Митька вспомнил, что во двор можно пробраться через сцену. Они вошли в клуб, но и тут им не повезло. В зале происходила чистка советских служащих.
После «Грозы» еще ничего не представляли, и комиссия заседала на фоне Волги.
Председателем была седая, стриженная под мальчишку старуха. Она придерживалась равноправия и курила папиросы через янтарный мундштук.
Рядом с ней Славик увидел Таранкова, а за ним очень молодого паренька со значком-самолетиком: «Наш ответ Чемберлену». Паренек прилепился у края, а лицо у него было такое важное, будто он сидел на самой середине.
По правую руку от старухи играл карандашиком лохматый заведующий школы, которого боялись не только ученики, но и учительница Кура, а рядом с ним сидел Павел Захарович Поляков.
На самом краю сцены у круглого столика с бомбошками понуро стоял одутловатый старичок.
Когда в комиссии участвовал Павел Захарович, в клуб набивалось много народу. У Павла Захаровича была способность двумя-тремя вопросами срывать маску с врагов, и если бы Славик зашел в клуб на день раньше, он бы увидел, как ловко вытащил Павел Захарович на свет божий одного из матерых дутовских палачей — того самого «пузатого», который мучил маму Клешни. Этот матерый беляк сидел в темном углу райсобеса в канцелярских нарукавниках и, притаившись, дожидался падения Советской власти…
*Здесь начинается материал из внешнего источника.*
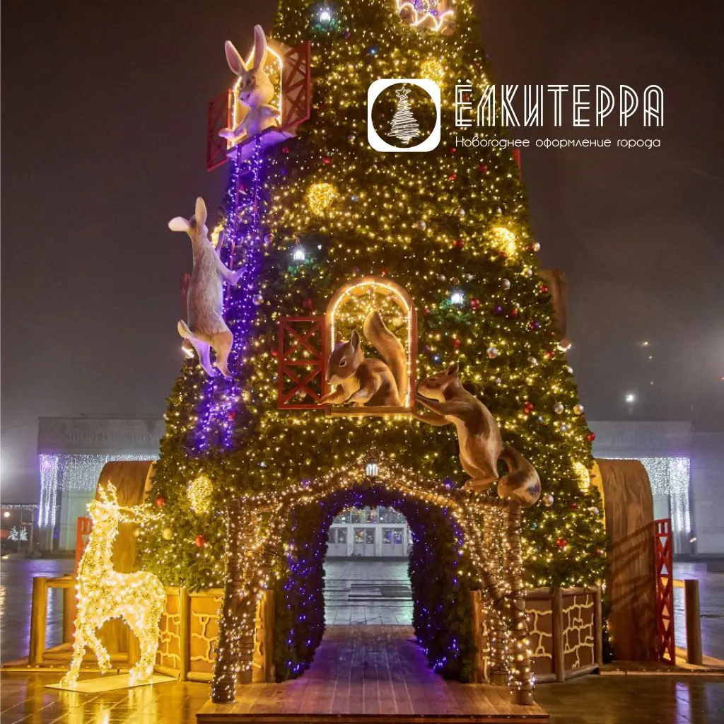 Искусственная уличная елка с комплектом оформления Новогодний Экспресс, высота 10 м

А сейчас на самом краю сцены, у круглого столика с бомбошками, стоял одутловатый старикашка и Павел Захарович добродушно пенял ему:
— А ты не лукавь. Ты на комиссии, а не в пивной. Придерживайся пятой заповеди.
— А я не лукавлю! — воскликнул старичок. — В пятой заповеди про лукавство не сказано, молодой человек! В пятой заповеди про родителей сказано!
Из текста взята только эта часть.